# Recorded information
■ ■ ■ ■ ■

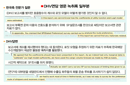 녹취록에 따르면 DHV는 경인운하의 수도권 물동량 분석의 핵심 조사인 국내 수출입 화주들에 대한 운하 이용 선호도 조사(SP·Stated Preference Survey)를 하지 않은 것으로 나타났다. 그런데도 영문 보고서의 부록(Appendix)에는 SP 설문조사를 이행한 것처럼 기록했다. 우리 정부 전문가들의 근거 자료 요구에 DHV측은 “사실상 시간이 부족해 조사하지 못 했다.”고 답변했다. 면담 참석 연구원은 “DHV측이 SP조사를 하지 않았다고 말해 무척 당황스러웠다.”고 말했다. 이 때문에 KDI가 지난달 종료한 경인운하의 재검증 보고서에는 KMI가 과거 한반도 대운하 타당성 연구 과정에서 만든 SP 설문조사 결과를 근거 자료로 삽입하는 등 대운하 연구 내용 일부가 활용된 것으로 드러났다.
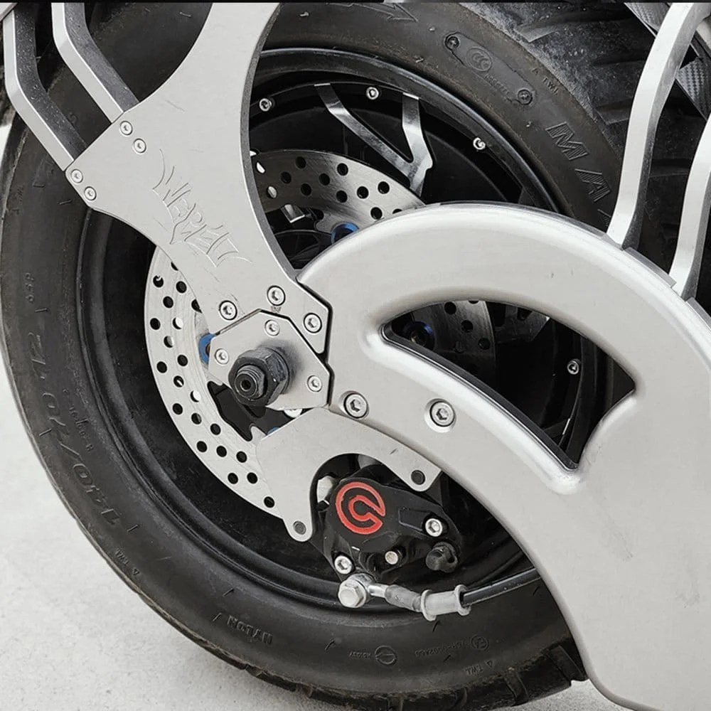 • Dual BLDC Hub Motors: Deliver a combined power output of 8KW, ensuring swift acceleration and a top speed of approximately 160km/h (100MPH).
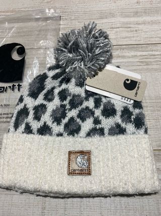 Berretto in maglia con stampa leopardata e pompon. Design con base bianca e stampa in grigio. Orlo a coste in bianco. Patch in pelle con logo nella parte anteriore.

■ ■ ■ ■ ■

# Exercise goal
Beginning at the line that contains "approximately 160km/h (100MPH).", transcribe it and every later line through the last line of the data above, exactly, and drop the pictures.

# Solution to this problem
 • Dual BLDC Hub Motors: Deliver a combined power output of 8KW, ensuring swift acceleration and a top speed of approximately 160km/h (100MPH).
 Berretto in maglia con stampa leopardata e pompon. Design con base bianca e stampa in grigio. Orlo a coste in bianco. Patch in pelle con logo nella parte anteriore.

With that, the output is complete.